Sometimes, having multiple functional groups on a molecule can interfere with a reaction we wish to perform. So we need some chemical means of “putting it out of the way”. Kind of like when you’re painting a wall and you come to an electrical outlet. The painter’s solution is to cove the outlet with tape, paint the wall, and then remove the tape when the job is done. It’s more effective than just being “really, really careful”.
In chemistry we have equivalents of painter’s tape. They’re called “protecting groups”.
There are two common situations that arise when protecting groups are necessary, although this is by no means exhaustive.

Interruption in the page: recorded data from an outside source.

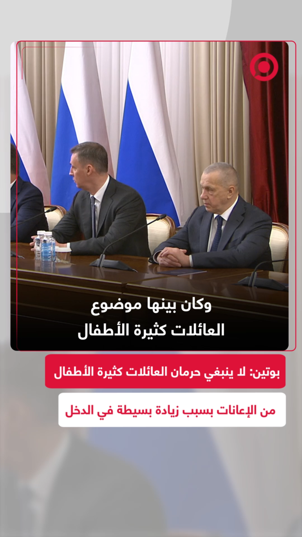 Play/Pause Mute/Unmute بوتين يأمر الحكومة والدوما بحلول مرنة لدعم العائلات الكبيرة دون حرمانها من الإعانات Save post Share Facebook X VK.com Telegram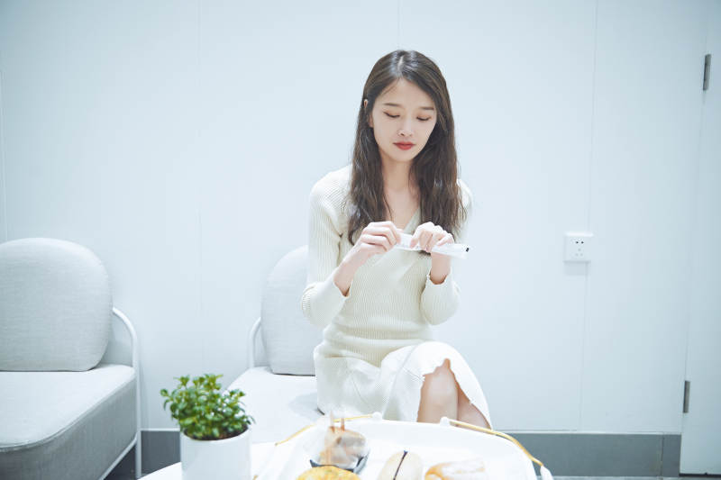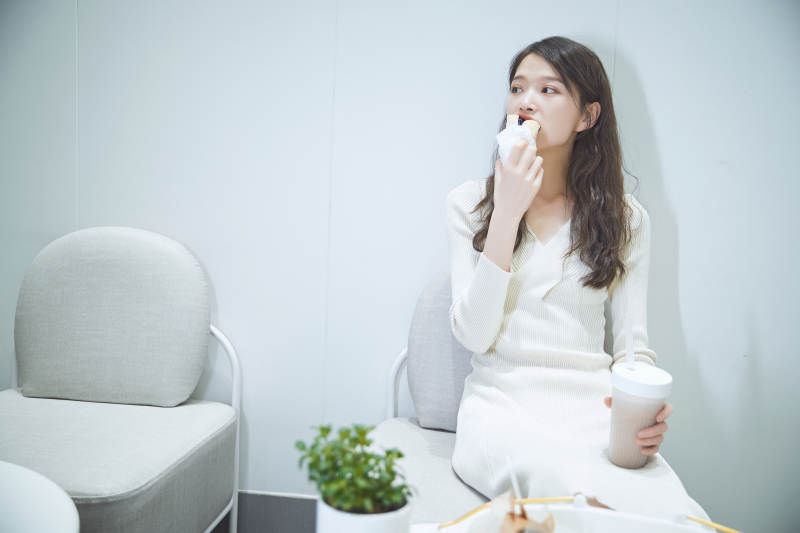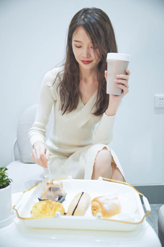 在烘焙店吃面包喝牛奶的可爱亚洲少女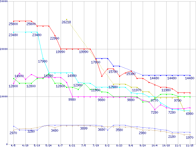 ※点線部は販売店が確認できなかった、または調査データがないことを示します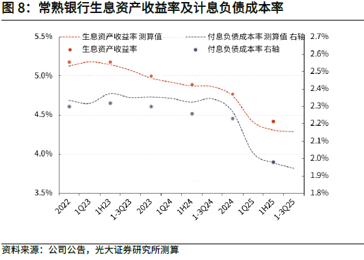 净息差降幅环比收窄,成本管控成效逐步显现。公司前三季度NIM为2.57%,较1H25、2024年分别收窄1bp、14bp,3Q息差降幅进一步收窄,仍居同业首位。我们测算,公司前三季度生息资产收益率较上半年下降2bp,有效需求不足、业内竞争加剧、存量贷款滚动到期等因素叠加影响下,资产端定价仍处在下行通道,但降幅逐季收窄。负债端,测得前三季度付息负债成本率较上半年下降4bp,延续逐季下降趋势。近年来公司多次跟进调降存款挂牌利率,后续伴随存量存款到期滚动重定价,成本管控效果将进一步释放。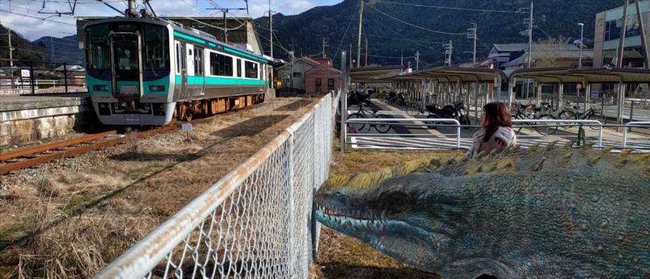 加古川線沿線を背景にした恐竜の写真を「#加古川線と恐竜」とともに投稿してください。
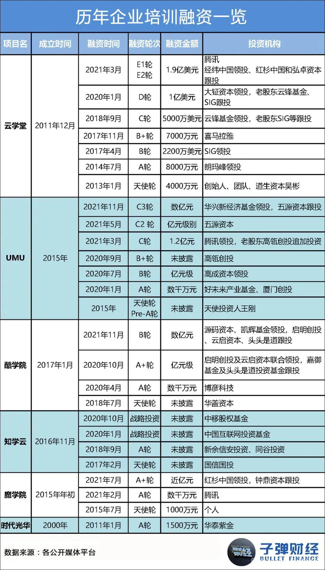 「子彈財經」注意到,其同行在今年也紛紛完成了多輪融資:UMU(三輪)、雲學堂(兩輪)和魔學院(兩輪)。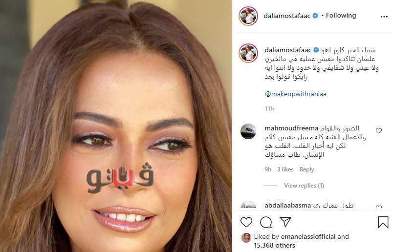 وشاركت داليا جمهورها بصورة مقربة من وجهها جدا عبر حسابها على إنستجرام، لتؤكد أنها لم تخضع لعملية تجميل، وكتبت على الصورة قائلة: "صورة قريبة أهو علشان تتأكدوا مفيش عملية في مناخيري ولا عيني ولا شفايفي ولا خدود ولا انتوا ايه رأيكوا قولوا بجد"، وحازت الصورة على إعجاب العديد من متابعيها.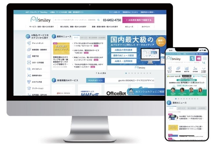 AIsmileyは人工知能を搭載したサービスの資料が請求できるAIポータルメディアです。Webサイト上で気になる技術や業種・業態の事例からAIプロダクトを選び、まとめて無料で資料請求できます。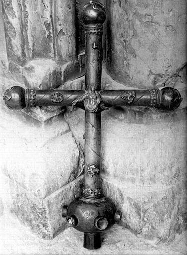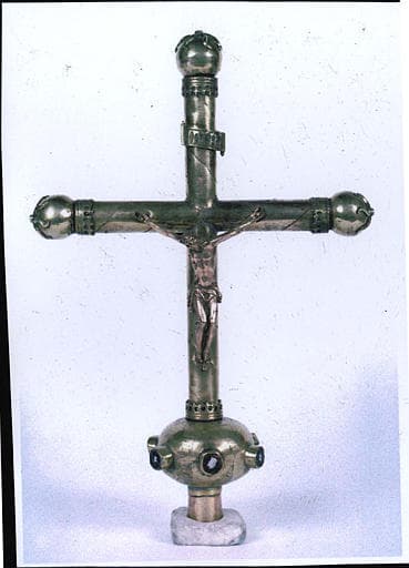 Cabochons d'éamil peint sur le noeud. Christ en croix et INRI à l'avers, Vierge à demi-corps au revers de la croisée. Symboles des quatre évangéliste au revers des bras de la croix.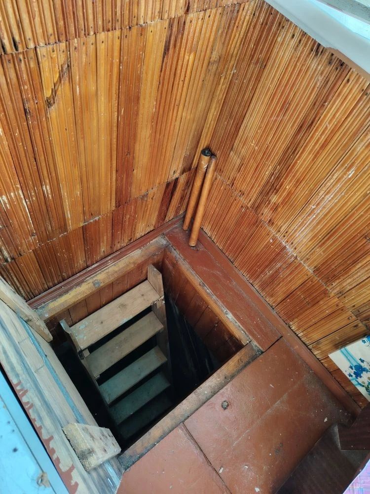 Санузел совмещённый, небольшая застеклённая лоджия с погребом,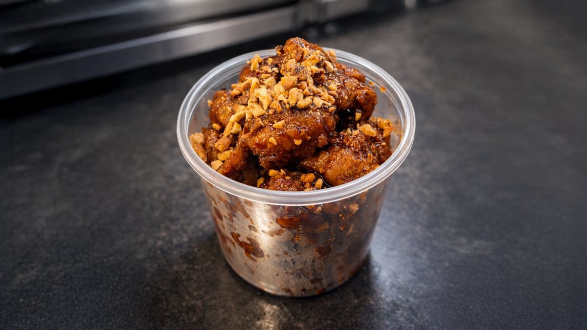 Křupavé smažené kuřecí kousky, obalené v jemně sladké tmavé omáčce a posypané praženými arašídy, které dodají výraznou vůni a příjemnou křupavost. Alergeny: 1 (lepek), 3 (vejce), 5 (arašídy), 6 (sója)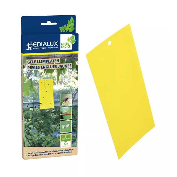Gele Lijmplaten worden gebruikt om vliegende insecten te vangen zoals bladluizen, bladmineerders, tripsen en witte vliegen in kassen, serres, veranda’s en wintertuinen. Zonder insecticiden. Werkingsduur 2 maanden.
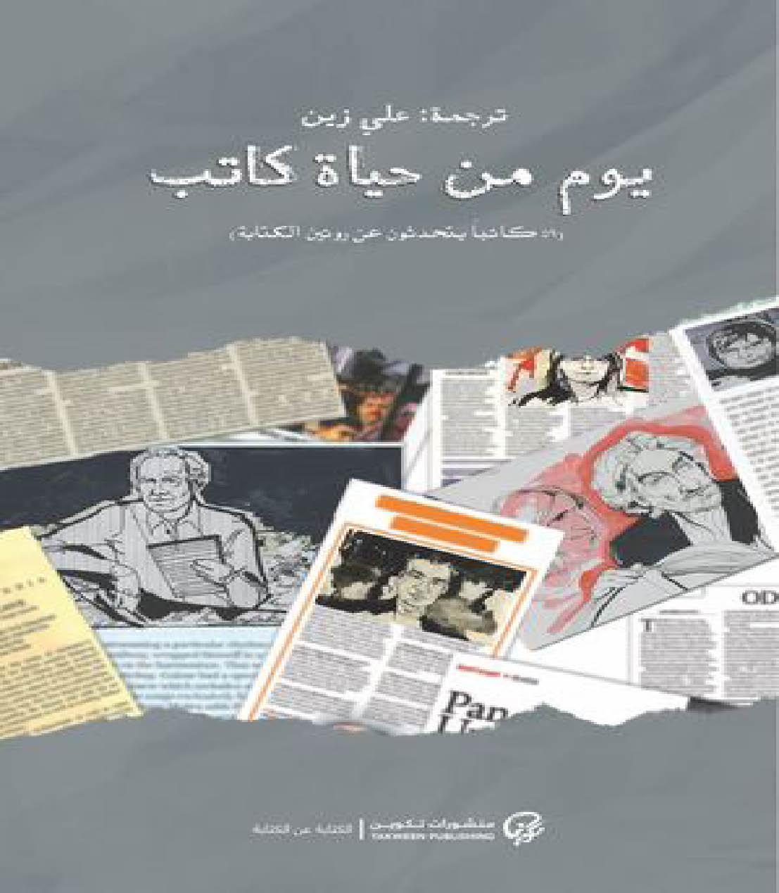 كتاب «يوم من حياة كاتب» يوضح عنوانه الفرعي أن «59 كاتبا يتحدثون عن روتين الكتابة» فيه، وشاركوا في الإجابة على سؤال كيف يكون «يوم الكتابة» في حياة كل واحد من هؤلاء الكتاب?، يقع الكتاب في (270) صفحة، وصادر عن دار تكوين، عام 2017، وترجمه علي زين. لم يكن من بين هؤلاء الكتاب أي كاتب مسرحي، مع أن هناك من عمل في إعداد السيناريوهات الدرامية، لم يبرز أحد من الكتاب أيضا ككاتب قصة قصيرة، وكان هناك بضعة من كتاب أدب الأطفال. أما الشعراء فكان هناك (8) شعراء، وثلاثة منهم روائيون أيضا، وغلب حديث اثنين منهم عن الرواية، وكان من بين هؤلاء الثمانية شاعر مذيع.

The first situation is when we have a species with an acidic hydrogen (such as OH or COOH) in the presence of an electrophilic carbon (such as an alkyl halide or carbonyl). Acid base reactions are fast, relative to attack at carbon (due to steric hindrance), and they will occur first. So if a nucleophile is basic, the first equivalent of nucleophile will be used just deprotonating the acidic hydrogen. Sometimes, that can itself cause problems (see the example below). In cases like this, we can simply protect the alcohol (with trimethylsilylchloride (TMSCl) for example) – do the reaction, and then remove the TMS when we are finished.
A second important functional group that occasionally needs protection is the carbonyl. Carbonyl carbons can be attacked by strong nucleophiles (such as Grignard reagents) as well as by oxidants and reductants. Sometimes that will lead to undesired byproducts, such as when we are trying to make a Grignard reagent from a molecule containing a ketone. In cases like these, it is best to protect the ketone as an acetal, using alcohol and acid. Then, we can make the Grignard reagent without worrying about it reacting with the ketone. When our Grignard is done, then we can deprotect the acetal with aqueous acid, and we’re done.